## Task goal
Once the pictures are removed, restate the listing word for word.

## Given entries
[Start of Attachment]

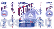 La denominación ROMA escrita en letras características y el diseño de una mujer sentada lavando ropa a mano y una figura circular destellante, todo dentro de una etiqueta rectangular con frases alusivas al producto, en los colores rojo, azul, celeste y blanco; conforme al modelo adjunto
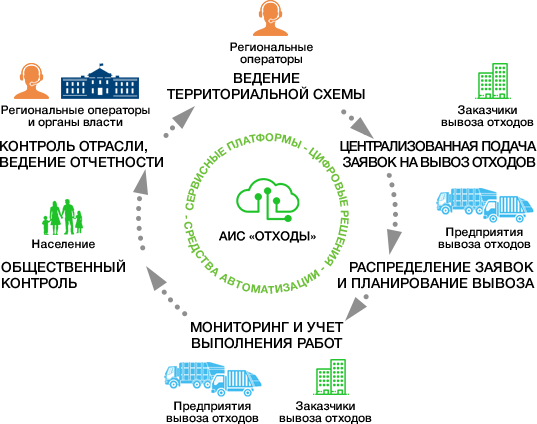 - Автоматизация охватывает цикл обращения с отходами с момента их образования
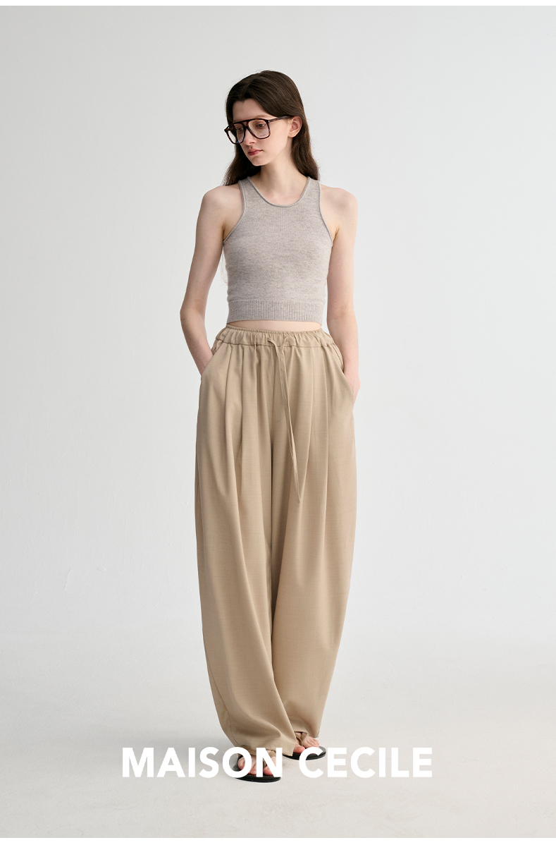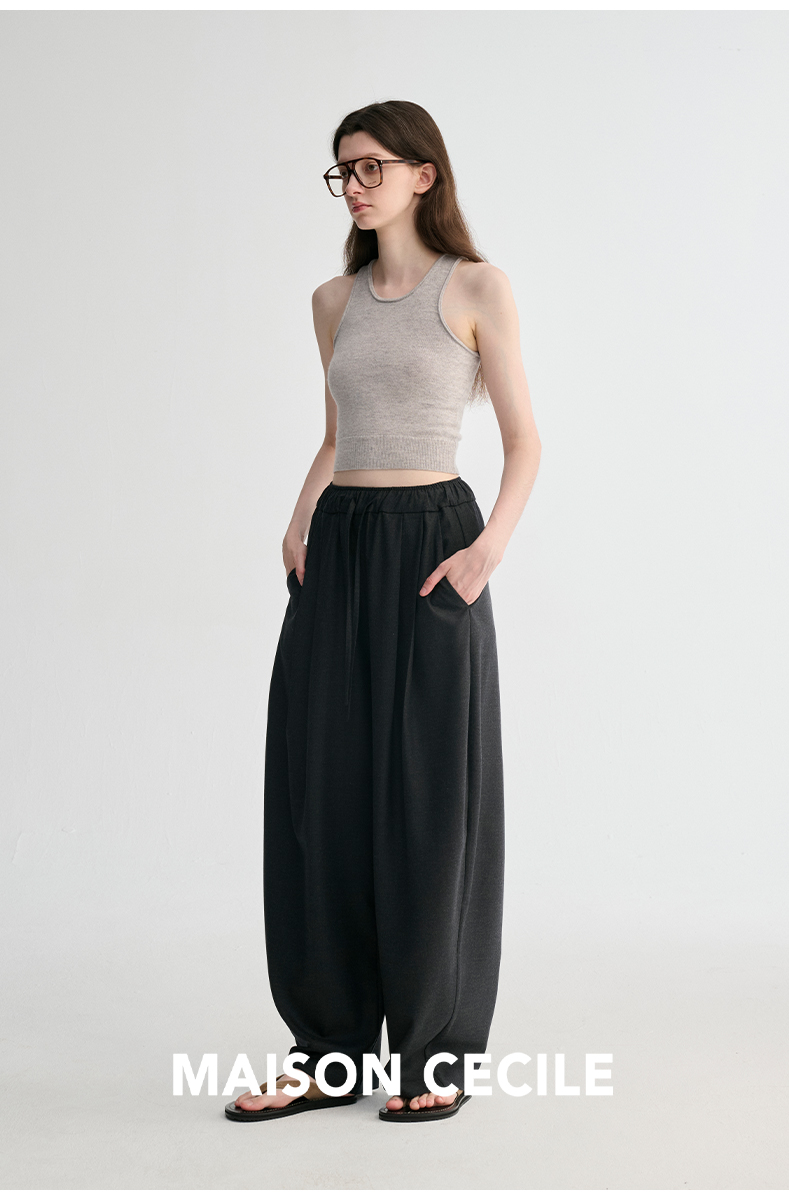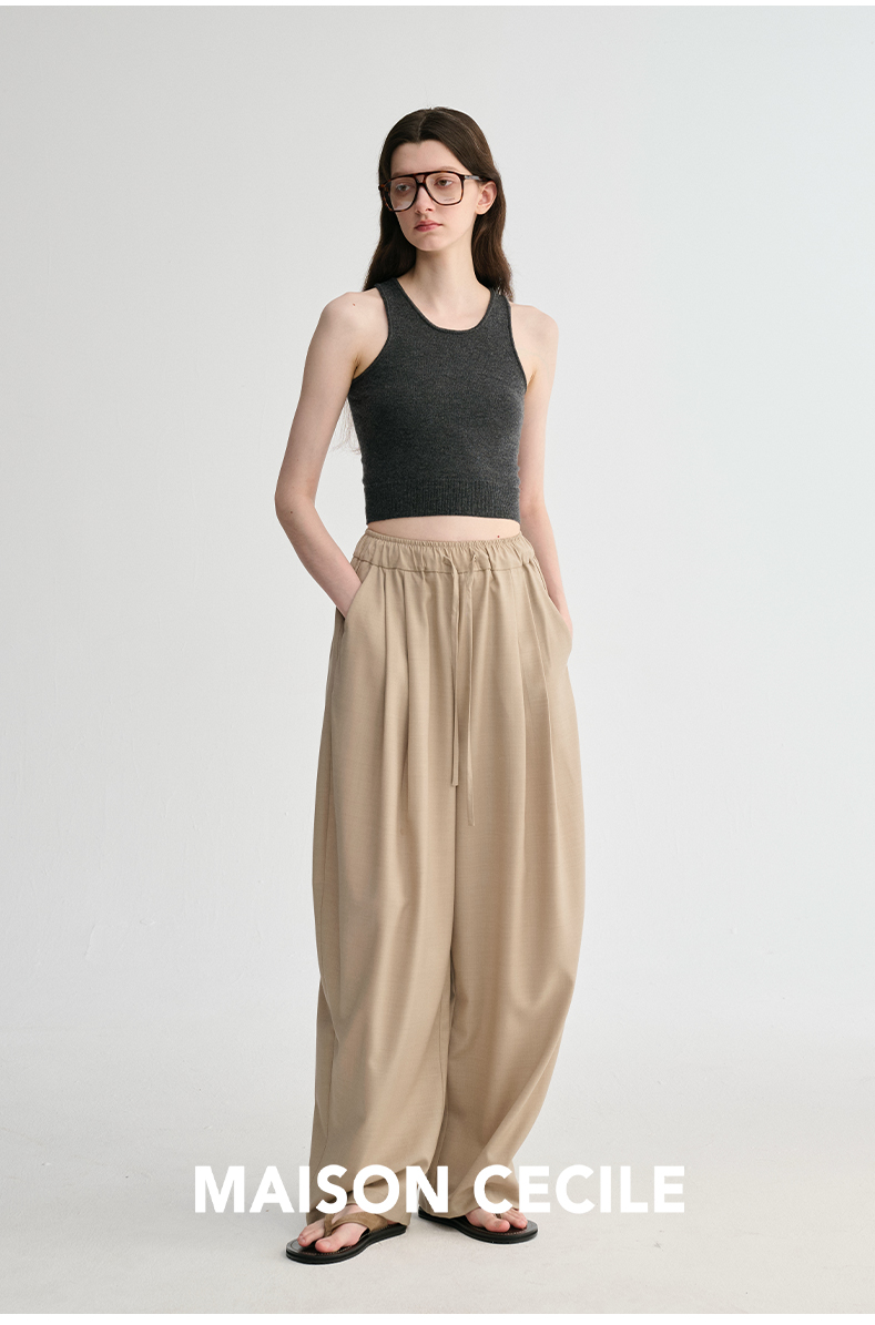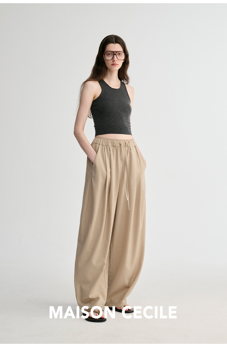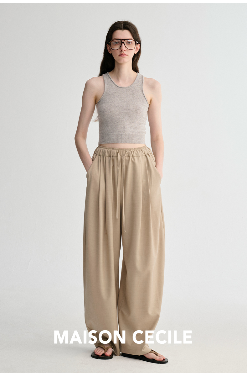 MAISON CECILE 两色/复古慵懒春秋百搭松紧腰精纺羊毛气球裤
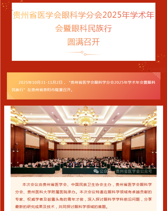 贵州省医学会眼科学分会2025年学术年会暨眼科民族行圆满召开图片 发布时间:2025-11-14 09:55 本文出处:党委宣传部新闻科 点击量: 分享 分享到 微信 微博 QQ空间 扫一扫 手机端浏览 分享 分享到 微信 微博 QQ空间
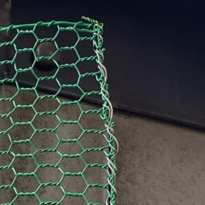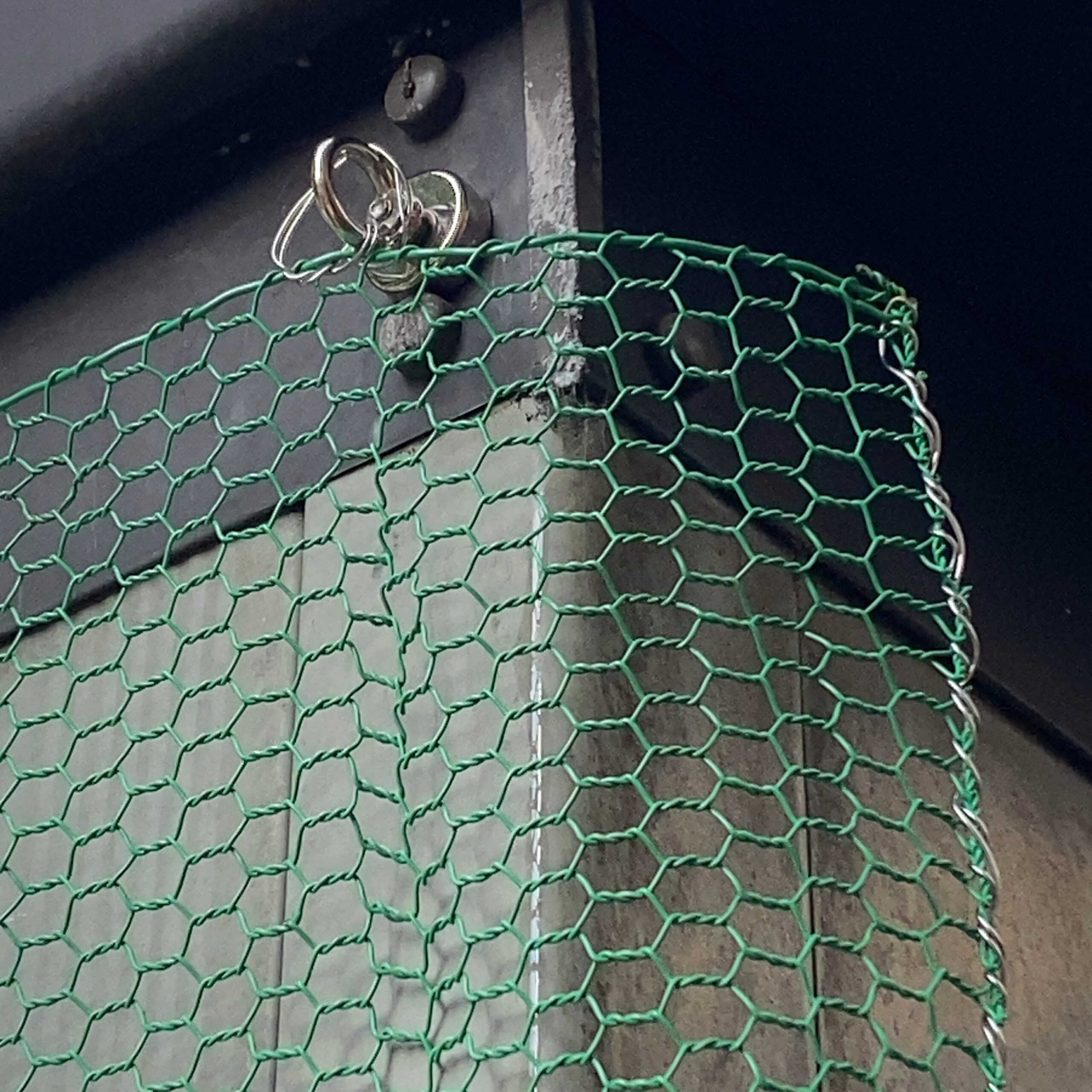 写真を拡大すると網目の中間を横に這わせてるステンレス針金
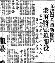 香港強制服役制度,又稱香港兵役制度,是香港通過法例徵召居民服務於軍隊或民防機關的制度。香港開埠至今曾經三次實施徵兵制或強制服役,皆在1841至1997年間的英屬香港時期因應時局而實施[1]。強制服役制度於1917年的第一次世界大戰期間首度執行[2][3],第二次於1939年第二次世界大戰即將爆發前實施[4][5],第三次在1951年的冷戰初期進行[6][7]。在英屬香港時期的強制服役制度僅對具有英國國籍的香港居民施行,其中於1917年及1939年推行的徵兵制,只有適齡的英籍歐裔男性居民被徵召及主要在香港義勇軍服役,這兩次徵兵未有徵召華人參軍。1951年實施的《強制服役條例》,義務役人員除了可被發配到香港防衛軍[註 1],也可被編配到香港輔助警察隊或基要服務團中的後備民防部隊[註 2],1951年起的徵集人員有向香港的英籍華裔居民發出徵召令,當年的第一期服役人員徵集便有900位是華人[9],並且不再局限於男性市民,適齡的女性市民於1953年起亦被徵召,在完成受訓後被委任為特務警察[註 3],或在基要服務團的後備民防隊伍服役[11]。香港的強制服役法例於1961年取消[12],此後到1997年香港主權移交至今,香港居民都不需被強制服役[13]。
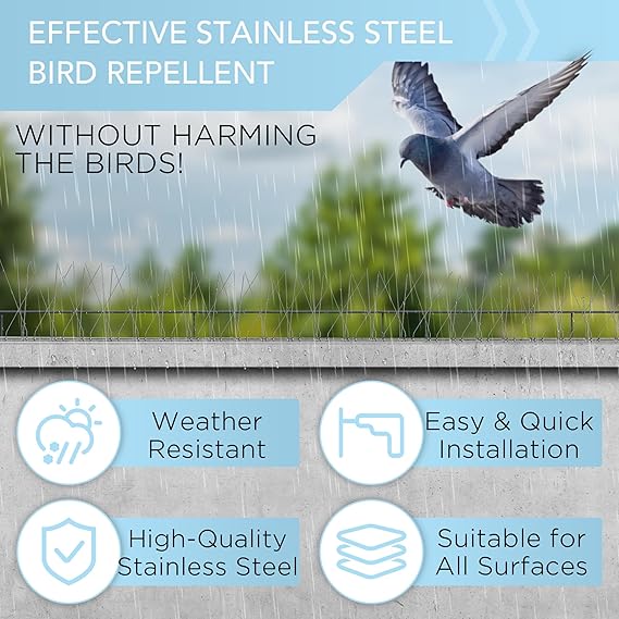 - PROTECT YOUR PROPERTY FROM UNWANTED BIRDS! Tired of cleaning up bird droppings and dealing with nesting pigeons or seagulls? AOKKR stainless steel bird spikes deterrent provide an effective solution to deter birds from landing on your roofs, fences, and windowsills, keeping your property clean and damage-free

[End of Attachment]

## Exercise solution
 La denominación ROMA escrita en letras características y el diseño de una mujer sentada lavando ropa a mano y una figura circular destellante, todo dentro de una etiqueta rectangular con frases alusivas al producto, en los colores rojo, azul, celeste y blanco; conforme al modelo adjunto
 - Автоматизация охватывает цикл обращения с отходами с момента их образования
 MAISON CECILE 两色/复古慵懒春秋百搭松紧腰精纺羊毛气球裤
 贵州省医学会眼科学分会2025年学术年会暨眼科民族行圆满召开图片 发布时间:2025-11-14 09:55 本文出处:党委宣传部新闻科 点击量: 分享 分享到 微信 微博 QQ空间 扫一扫 手机端浏览 分享 分享到 微信 微博 QQ空间
 写真を拡大すると網目の中間を横に這わせてるステンレス針金
 香港強制服役制度,又稱香港兵役制度,是香港通過法例徵召居民服務於軍隊或民防機關的制度。香港開埠至今曾經三次實施徵兵制或強制服役,皆在1841至1997年間的英屬香港時期因應時局而實施[1]。強制服役制度於1917年的第一次世界大戰期間首度執行[2][3],第二次於1939年第二次世界大戰即將爆發前實施[4][5],第三次在1951年的冷戰初期進行[6][7]。在英屬香港時期的強制服役制度僅對具有英國國籍的香港居民施行,其中於1917年及1939年推行的徵兵制,只有適齡的英籍歐裔男性居民被徵召及主要在香港義勇軍服役,這兩次徵兵未有徵召華人參軍。1951年實施的《強制服役條例》,義務役人員除了可被發配到香港防衛軍[註 1],也可被編配到香港輔助警察隊或基要服務團中的後備民防部隊[註 2],1951年起的徵集人員有向香港的英籍華裔居民發出徵召令,當年的第一期服役人員徵集便有900位是華人[9],並且不再局限於男性市民,適齡的女性市民於1953年起亦被徵召,在完成受訓後被委任為特務警察[註 3],或在基要服務團的後備民防隊伍服役[11]。香港的強制服役法例於1961年取消[12],此後到1997年香港主權移交至今,香港居民都不需被強制服役[13]。
 - PROTECT YOUR PROPERTY FROM UNWANTED BIRDS! Tired of cleaning up bird droppings and dealing with nesting pigeons or seagulls? AOKKR stainless steel bird spikes deterrent provide an effective solution to deter birds from landing on your roofs, fences, and windowsills, keeping your property clean and damage-free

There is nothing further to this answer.